Nor are central bankers’ signals much use, given monetary firepower is more or less exhausted after a decade of deployment, said Paul O’Connor, head of multi-asset at Janus Henderson Investors, which runs $370 billion.
“Economic data are not going to be much use at all. We face at least a month, some more weeks of weak economic data, downgrades to growth and downgrades to company earnings. Data won’t tell me where the market may bottom,” O’Connor said.
“Nor is there a clear circuit-breaker where policymaking is concerned.”
Instead, O'Connor is using market moves to gauge when to buy or sell -- on Monday when the S&P 500 and Europe's STOXX index .SPX STOXX suffered their biggest daily falls since 2008, he stepped in to buy, reckoning sentiment was near bottom.

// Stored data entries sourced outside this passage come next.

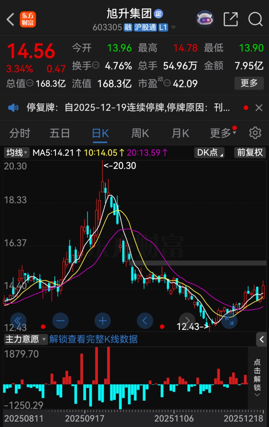 旭升集团计划自12月19日开市起停牌,预计停牌时间不超过2个交易日。截至12月18日收盘,旭升集团股价报14.56元/股,总市值为168.3亿元。
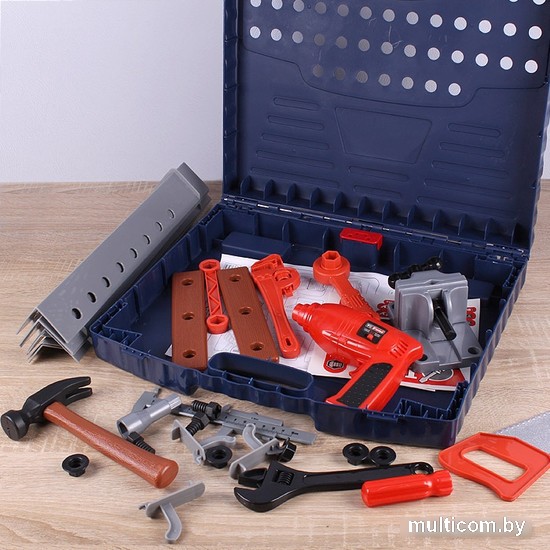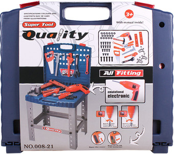 | Информация | ? Замечательный подарок для маленьких мастеров ? Чемоданчик с инструментами, выглядящими и функционирующими как настоящие ? Можно поставить его на прочные, устойчивые пластиковые ножки и вот — стол для работы готов ? В наборе имеется электрическая дрель, которая может использоваться и как электродрель, и как шуруповерт ? Мальчишки будут в восторге от такого подарка ?? Батарейки в комплект не входят |
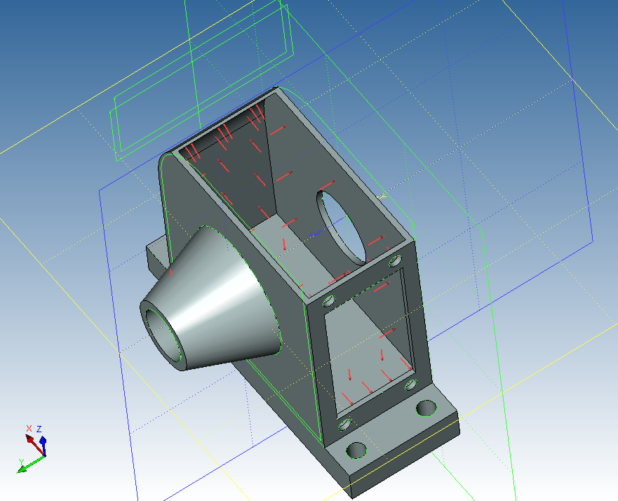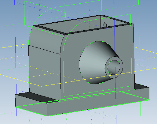 Для добавления заготовки, из которой будет изготавливаться (фрезерованием) деталь, будем использовать автоматический способ ее создания. Для этого выберем на главной инструментальной панели EdgeCam кнопку Auto-Stock. Переключать режим отображения заготовки с полупрозрачного на каркасный и обратно можно с помощью команды Toggle Stock. Результат показан на рис. 8.2.
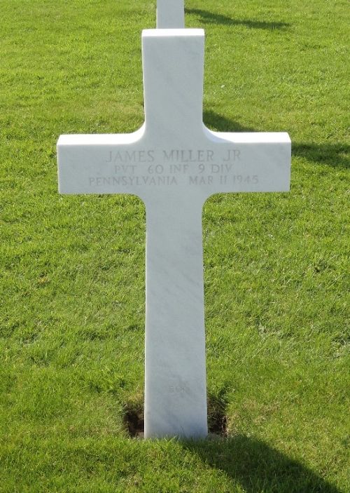 Pvt James Miller Jr. was a power station operator before he enlisted in Greensburg, Pennsylvania on 4 August 1942.Source of information: Peter Schouteten, Carla Mans, www.abmc.gov, www.wwiimemorial.com, www.archives.gov - WWII Enlistment Record, www.ancestry.com - Headstone and Interment Record / U.S. WWII Draft Cards Young Men, http://9thinfantrydivision.net
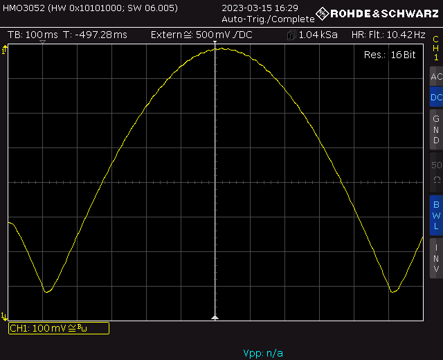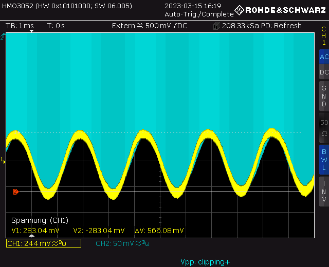 Betrieb als Synchrondemodulator: Die erste Oberwelle ist 40dB gedämpft (also 1% Klirr) und die zweite ist nicht mehr sichtbar. Die 'Seitenbänder' sind Netzbrumm von der Brummschleife aus Signalgenerator und Oszi.
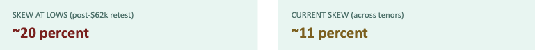 Following the retest of the $62,000 region, skew held near 20 percent. It has since eased to roughly 11 percent across tenors, marking a sharp nine-point moderation over recent sessions.
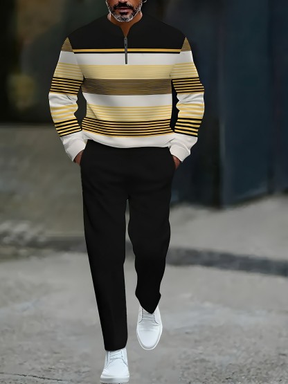 Men's Casual Black & Yellow Color Matching Striped Printed Round-Neck Zipper Long Sleeved Trousers Two-Piece Set
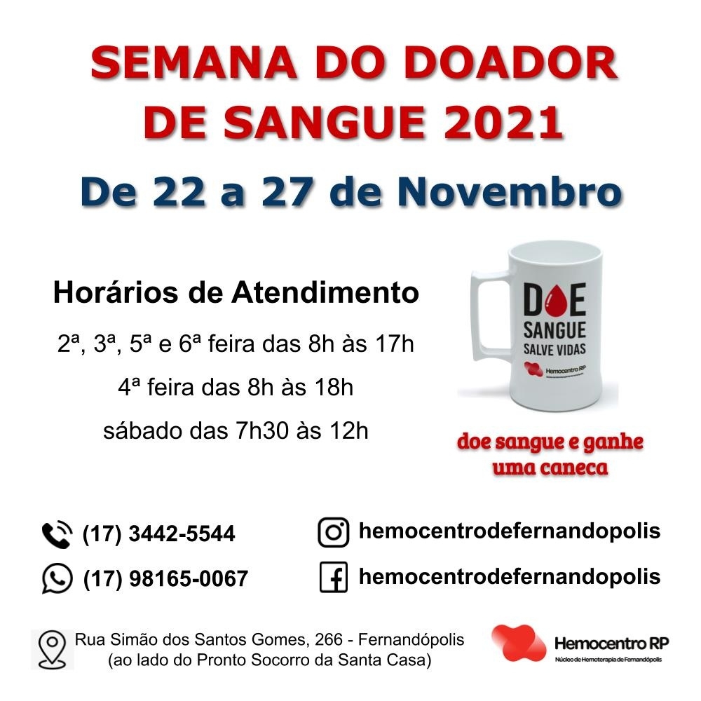 Novembro é uma época muito especial para a doação de sangue no Brasil. No dia 25 de novembro se celebra o Dia Nacional do Doador Voluntário de Sangue. O Hemocentro de Fernandópolis realiza a tradicional campanha da Semana do Doador de Sangue. Em meio a pandemia, o Hemocentro vem enfrentando sérias dificuldades em manter estoque de sangue.
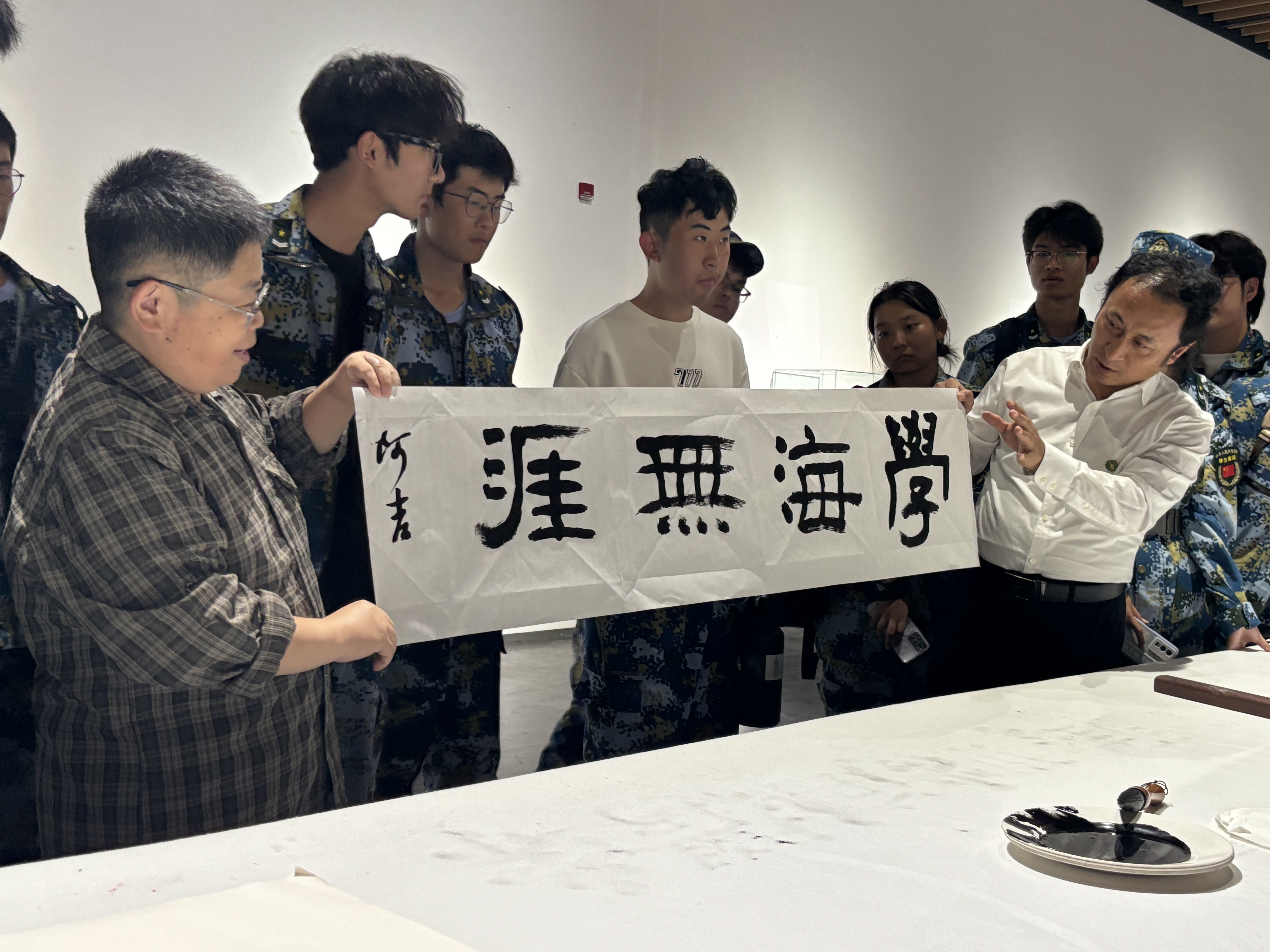活动还安排了师生互动环节,李慧斌经理在现场挥毫泼墨,书写院训“崇德尚艺”四个大字,并用生动有趣的故事拉近与员工之间的距离,引发员工对中华传统文化的兴趣和重视。宋吉昊老师也进行了书法展示,题写“学海无涯”,勉励新生打好专业基础,做好职业规划,以青春洋溢之姿态度过多彩老员工活。

(Graphic: Equities & bonds total return indexes - here)
As for economic data, that’s getting short shrift. February U.S. payrolls, which last week showed robust job creation and unemployment near 50-year lows, were brushed off by a plunging Wall Street that - quite simply - saw the numbers as old news.
February Purchasing Managers Indexes (PMIs) - considered one of the few forward-looking economic indicators available - showed euro zone businesses growing at their fastest pace in six months; even compiler IHS Markit dubbed them “a false dawn”.
Meanwhile, economic forecasts roll in — with caveats attached. Oxford Economics (OE) cut its 2020 global growth forecasts by a half percent on Monday, assuming a Chinese bounceback. But this hinged on “the extent to which households and firms are able and willing to go about their normal business”, it added.
OE also noted that the plunge in the global composite PMI to 46.1 in February implied a world economy in recession. But it argued that past surveys had “often overstated the likely scale of global growth slowdowns after major one-off events”.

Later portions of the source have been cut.